My Mind Misremembered, Not Me

It was late on a Friday night in May of '03, just weeks after the U.S. had invaded Iraq. I was on my way from Manhattan out to the Hamptons -- all of them -- in a jitney with a band of (erstwhile frat) brothers.

We were having a great time insulting one another when we heard a loud pop. At first, I thought it was a thunderclap, but I looked up and the sky was clear. Next thing we we knew, we were thrown far off the road and found ourselves mired in the sandy mass some call Jones Beach. When I noticed that the sign that said "West End 2" was upside down, I knew something was wrong, very wrong.

Turned out we were walloped by an RPG. For those of you who may not know, that's a rocket-propelled grenade. There was nothing but sand and water as far as the eye could see.
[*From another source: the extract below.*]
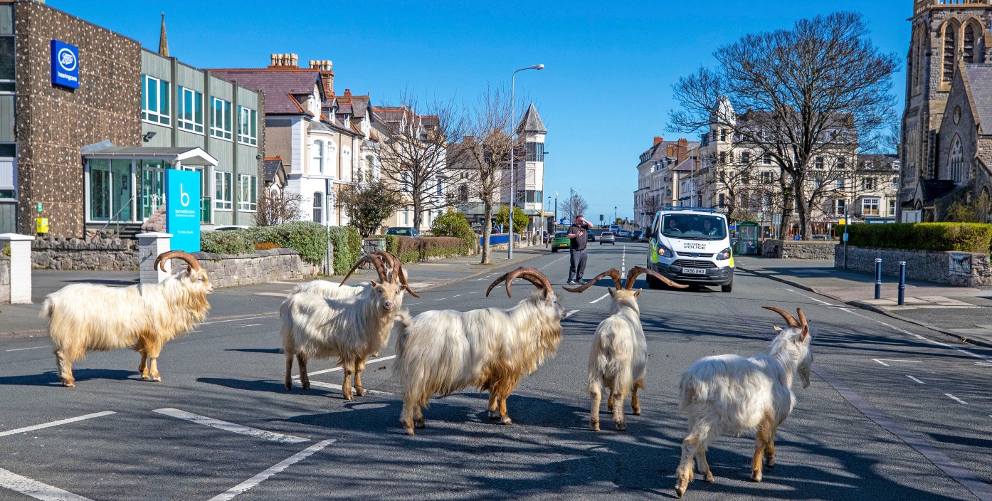 Ενα κοπάδι από κατσίκες, άφησε τα λιβάδια και τους αγρούς και περπατά στους άδειους και ήσυχους δρόμους στο Λάνταντνο της Ουαλίας, όπου έχει επιβληθεί lockdown, όπως και σε όλη τη Μεγάλη Βρετανία.
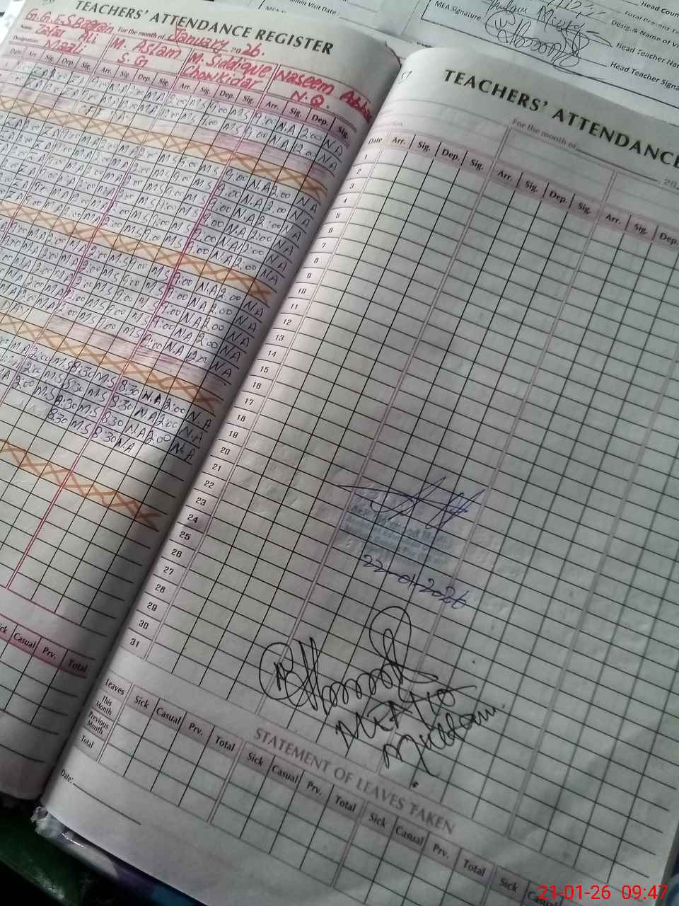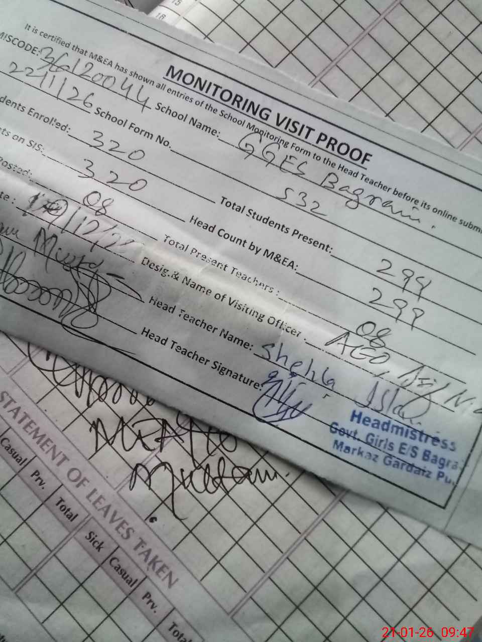 | Attendance Register | Head Teacher | MEA with School | Visit Proof |

Our iPods, iPhones, iPads, iWatches, Kindle Fires and Nooks had been burned to a crisp.

Robbed of our ability to have fun or communicate with the outside world, we spent two long days and nights on that lonely stretch of sand, eating whatever hot dogs, burgers, and fries we could scare up at the concession stand and washing them down with brewskies and Cokes that tasted as though they'd been canned or bottled weeks before.

I must have told this story five hundred times since then -- to friends, therapists, and lawyers; in blogs, on Facebook and Twitter. Over the years, I've added details that emerged during a series of excruciating therapy sessions. Like the time I had to go to the bathroom really bad and the stalls were so far away, I peed in the water. Or the time I was riding a three-foot high wave, landed flat on my face, and had to take several deep breaths before normal breathing was restored.

Here's the kicker: By the time I got home on Sunday -- we were rescued by a surfer dude we ran into at the hot dog stand -- I'd missed the "Ebb Tide" episode of The Wire. That's the one where McNulty finds a body floating in the water. Which reminds me of another story...Anyhow, this was before On Demand, so you can imagine how painful that was.


Now, all of a sudden, just because I told my story on a TV show, a few of my "buddies" are saying that our jitney wasn't shot down at all, that I'm making the whole thing up. I got my old roomie to back me up, but then he said he was making the backing up up.

They're saying that the popping sound was the sound of a flat tire. They're saying that the Jitney driver called Triple-A from his iPhone and that we were back on the road in less than an hour. No Jones Beach, no old Cokes, no surfing the waves.

Now that I think about it, I have to admit that my brothers are correct. I'm not sure how my mind put the flat tire story -- what really happened -- together with the RPG/Jones Beach story. I know I didn't do it -- my mind did. I would never do a thing like that.